Here we need to attend to the structuring of health care delivery rather than simply to
specific issues about context per se. That is we can ask what broader social utility is
produced by a biomedical model of health innovation that, as Bury (1998) notes
produces a system devoted on the one hand to high tech biomedical care and on the
other management of chronic disease – from a regime of ‘treatment and cure’ to
‘management and care’ (p.267).
Despite the criticisms levelled at EBM and its component elements, they are used more
and more heavily by health agencies in affluent states to assess the merits of health
innovation. Its three different forms of evaluation (RCT, HTA and QoL) act not only to
evaluate existing health technologies, but also shape how new technologies are being
developed. Health innovators are aware that these evaluations will be used to determine
the relative merits of their product or procedure. An important STS question then arises
that impinges upon the material positioning of technologies in the healthcare system:
how far do designers endeavour to construct them in such a way as to anticipate and
meet the evaluative criteria against which they will be judged? In other words, how
might such criteria be ‘inscribed’ (Akrich, 1992) within the very innovation itself? As
Akrich argues,
“Designers thus define actors with specific tastes, competences, motives, aspirations,
political prejudices, and the rest, and they assume that morality, technology, science, and
economy will evolve in particular ways. A large part of the work of innovators is that of
‘inscribing’ this vision of (or prediction about) the world in the technical content of the
new object … an attempt to predetermine the settings that users are asked to imagine”
(1992, p. 208)
If there is this feedback at work, it is an empirical question to answer how far does such
inscription vary by technology field, if at all, how does it act as a material narrative to
shape that field, and how far does that then shape the evidential and experiential
narratives that engage with it? This is a key area for future research in STS in seeing how
evaluation as a form of governance is instantiated across different domains associated
with the production and use of health technology.
Conclusion
This paper has argued that evaluation regimes in contemporary health technology act as a
form of governance that as such produce material narratives that shape and steer the
existing and prospective use of technologies in health care systems.

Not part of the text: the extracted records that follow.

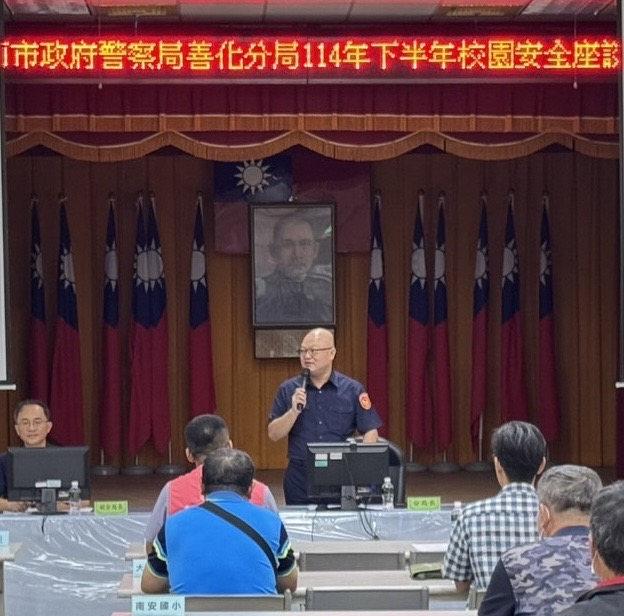 【記者田進山/台南報導】為維護學生安全、守護校園治安,善化警分局於昨(19)日舉辦「114年下半年校園治安座談會」,邀請了臺南市學生校外生活輔導會、轄內各級學校的校方代表、轄區里長及相關單位參與,共同研討如何強化校園安全管理與確保學生安全環境中學習議題。
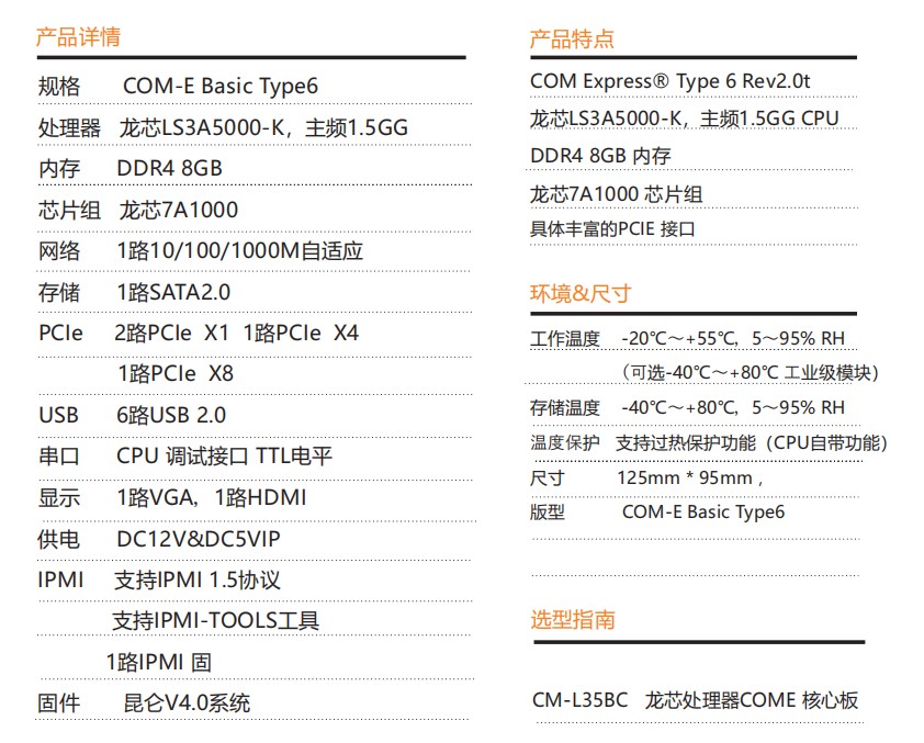 核心板采用龍芯3A5000CPU搭配龍芯7A1000橋設(shè)計(jì)COM- E Basic Type6版 型,板載 DDR4 8GB 內(nèi)存支持VGA,HDMI雙屏顯示輸出,是一款 國(guó)產(chǎn)自主可控集高性能,低功耗,高可靠性于一體的高集成度COME核心板,可廣泛應(yīng)用于能源等領(lǐng)域。
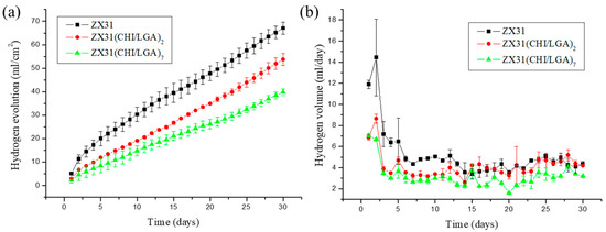 Volume of hydrogen for each of the specimens during a 30-day immersion test in SBF: (a) hydrogen evolution process of uncoated ZX31, ZX31(CHI/LGA)2, and ZX31(CHI/LGA)7 specimens immersed in an SBF solution at 37 ± 0.2 °C for 30 days; (b) H2 released per day.
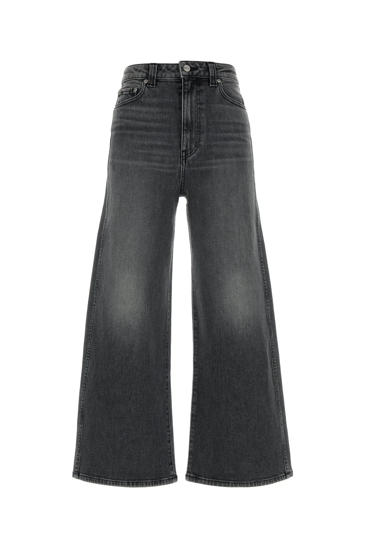 Wide-leg jeans realized in stonewashed stretch cotton denim. - Belt loops at the waist - Concealed zip and a single visible button closure - Five classic pockets DETAILS Black stretch denim Delina jeans Exterior: 99% Cotton 1% Elastane Made in usa Sample size: 26
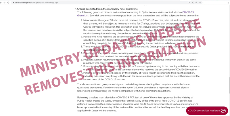 Doha: According to the Ministry of Public Health (MoPH) website some people, coming from countries which are not in the green list, are allowed exemption from hotel quarantine, provided they belong to one of the groups specified by the ministry.
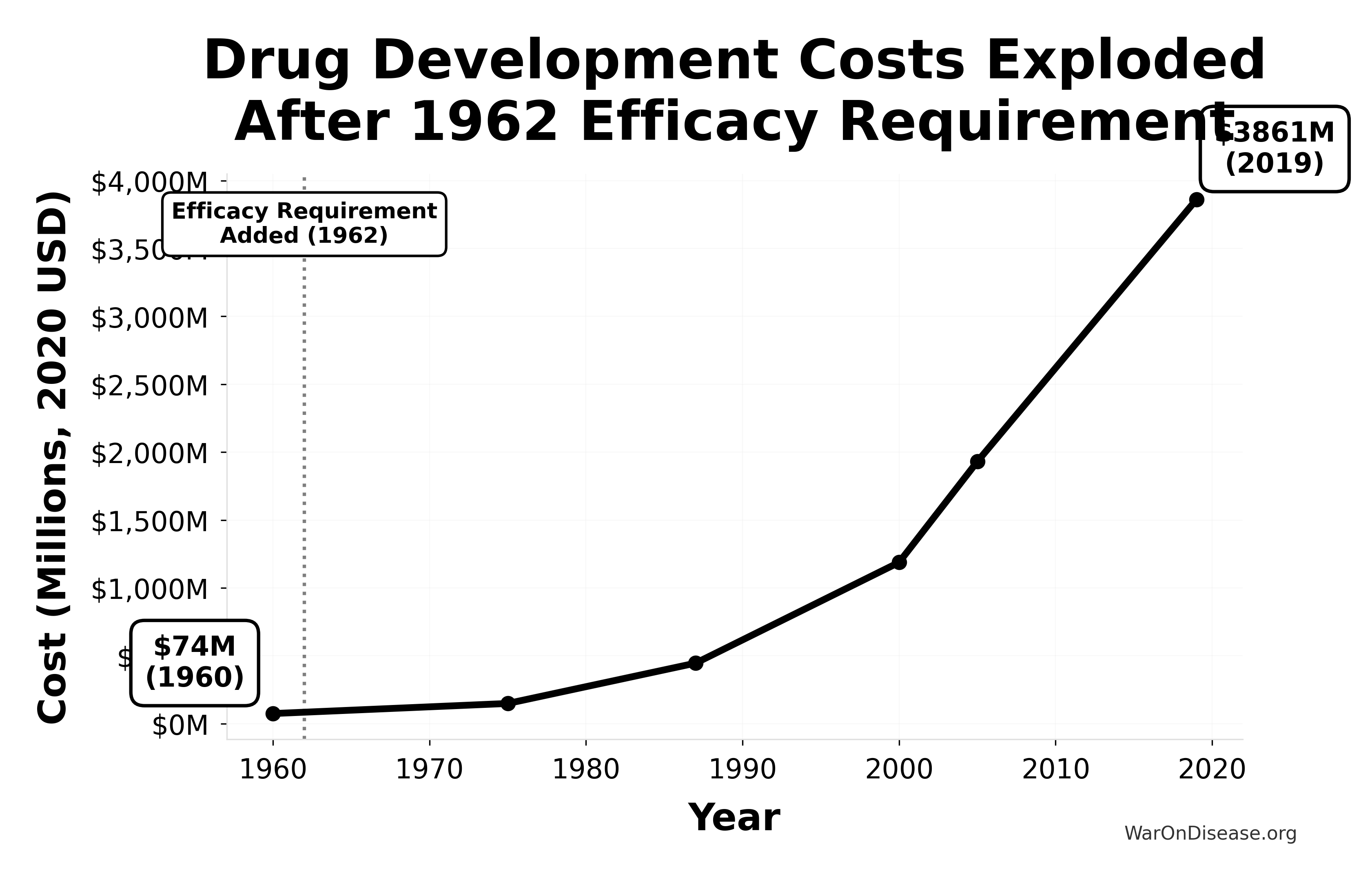 Key Insight: Drug development costs were relatively stable before 1962, then exploded exponentially after the efficacy requirement was added. Costs increased 52x from $74M (1960) to $3,861M (2019), making innovation increasingly expensive and inaccessible.
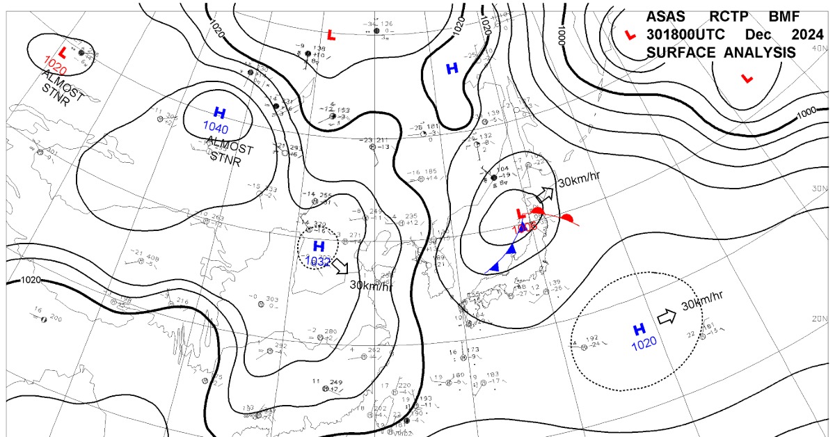 中央氣象署表示,今日清晨輻射冷卻影響,各地氣溫偏低,白天北部及宜蘭、花蓮持續偏涼,高溫約18、19度,中南部地區,高溫約在21至25度,不過,入夜後各地氣溫稍下降,提醒民眾跨年夜外出活動可多穿件衣物,避免著涼。
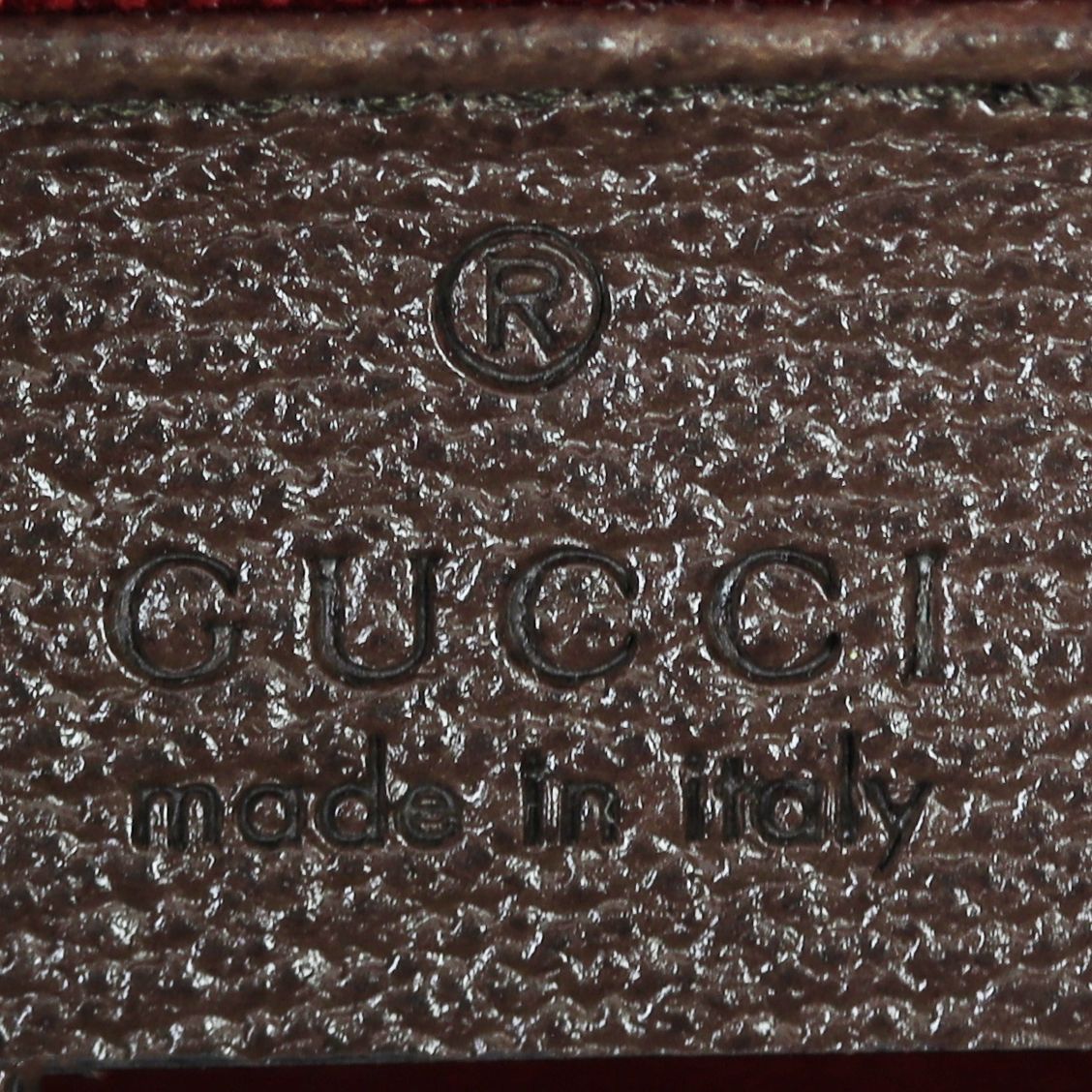 Features: Beige/ebony GG supreme coated canvas rigid exterior; cocoa brown grained leather trim; silver tone hardware; single bamboo top handle; detachable and adjustable leather shoulder strap; 2 x keys on leather strap; lockable S-lock to top lid; burgundy textile lined interior.
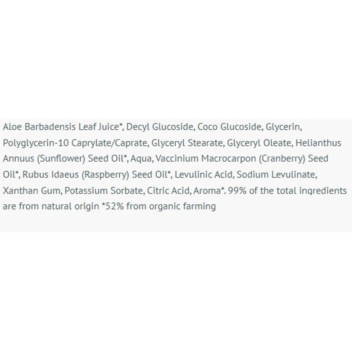 Aloe Barbadensis Leaf Juice*, Decyl Glucoside, Coco Glucoside, Glycerin, Polyglycerin-10 Caprylate/Caprate, Glyceryl Stearate, Glyceryl Oleate, Helianthus Annuus (Sunflower) Seed Oil*, Aqua, Vaccinium Macrocarpon (Cranberry) Seed Oil*, Rubus Idaeus (Raspberry) Seed Oil*, Levulinic Acid, Sodium Levulinate, Xanthan Gum, Potassium Sorbate, Citric Acid, Aroma*.
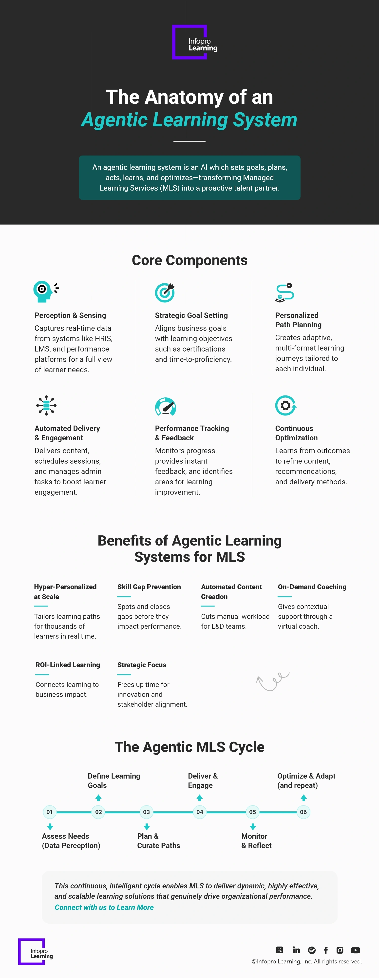 Is your organization’s learning strategy truly effective? Traditional methods often fall short in today’s dynamic environment. Agentic learning systems represent an intelligent evolution in an AI-powered framework that autonomously designs, delivers, and optimizes learning. Imagine a system that proactively identifies skill gaps, crafts personalized learning journeys, and continuously refines its approach to maximize impact. The infographic below reveals how an agentic learning system drives hyper-personalization, enhances efficiency, and delivers measurable ROI.

I have argued that
the principal metrics of EBM (RCTs, HTA and QoL) serve to rationalise the provision
of new technologies but do so without any real integration of the forms of evidence on
which they depend. However, I have also suggested that such an integration would be
highly problematic on both methodological and normative grounds since what is central
to a more socially robust form of evaluation that attends to the multidimensionality of
technologies is one that attends not to absolute measures or gold standards but to
everyday social relationships and the interdependencies that in the end make technologies
work and have utility. Social efficacy and effectiveness and the material narratives that
give them expression should become central concerns for an evidence-based medicine
that would thereby be based on a socially robust form of governance.